Tuesday, November 11, 2008


Yesterday, Barack Obama showed up in Washington to meet with Pres. Bush and measure the drapes in his new office. Working just a block from the White House, a few colleagues and I went to observe with stony faces (being the hardened political operatives we are) as his motorcade went by.

He didn't pop out the sunroof-- it wasn't even entirely clear which speeding limo he was in-- but it gave me a little thrill nonetheless to know that Barack is in the House.

And moments after he went by, the sun came out from behind a cloud. Literally.

Monday, November 03, 2008

I'm Sam duPont and I Approved This Message

It's hard to believe that election day is finally here. It's even harder to believe that, unless the bottom drops out, Barack Obama is going to be elected president tomorrow. A lifetime has passed since I drove to New York on a February morning to atone for my delinquency in applying for an absentee ballot. And since the dark hours that followed as JJ and I tried to rationalize out how it would be ok if Clinton were the nominee. And now that the day is nearly on us, I'm still rationalizing, still drumming my fingers nervously as the specter of unanticipated events haunts my thoughts.
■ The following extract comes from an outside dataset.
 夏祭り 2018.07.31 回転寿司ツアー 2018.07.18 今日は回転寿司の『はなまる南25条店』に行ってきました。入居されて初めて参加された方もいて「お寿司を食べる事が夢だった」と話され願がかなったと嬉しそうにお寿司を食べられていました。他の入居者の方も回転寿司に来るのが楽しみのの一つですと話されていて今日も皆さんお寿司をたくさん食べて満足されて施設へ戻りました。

I have the mortifying task of spending my days at work toiling under the assumption that Obama has already won: Preparing our post-election analysis, and helping to craft policy recommendations that ride on the supposition of a friendly White House. My unease was sufficient to bring me to Prince William County, Virginia this weekend, knocking on doors for Barack. I was working alongside three other people-- one of whom had traveled from Dallas to get a crack at some swing state voters. They were, like so many other people I've met, such good people, so passionate, and with such honest belief in Obama, it reminded me why I originally decided to support him over a year ago.
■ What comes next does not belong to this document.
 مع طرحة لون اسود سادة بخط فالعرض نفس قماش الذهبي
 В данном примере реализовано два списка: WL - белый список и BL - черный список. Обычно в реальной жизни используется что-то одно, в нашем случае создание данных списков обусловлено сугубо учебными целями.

Many people could be competent, or even good presidents. Barack Obama, because of who he is and because of the dire situations he will face, has the potential to be a truly transformational president. Not simply in that he will deliver changed policies or progressive ideas, but that, in doing so, he could bring this nation together, and reverse the polarization that has been pulling our country and our government in two. This election is so big, so important I can hardly stand it. And I would go on like this forever, but I needn't, because there's somebody who says it much better than I do:

To steal the line Cafritz sent with this video...

See you all in a better world.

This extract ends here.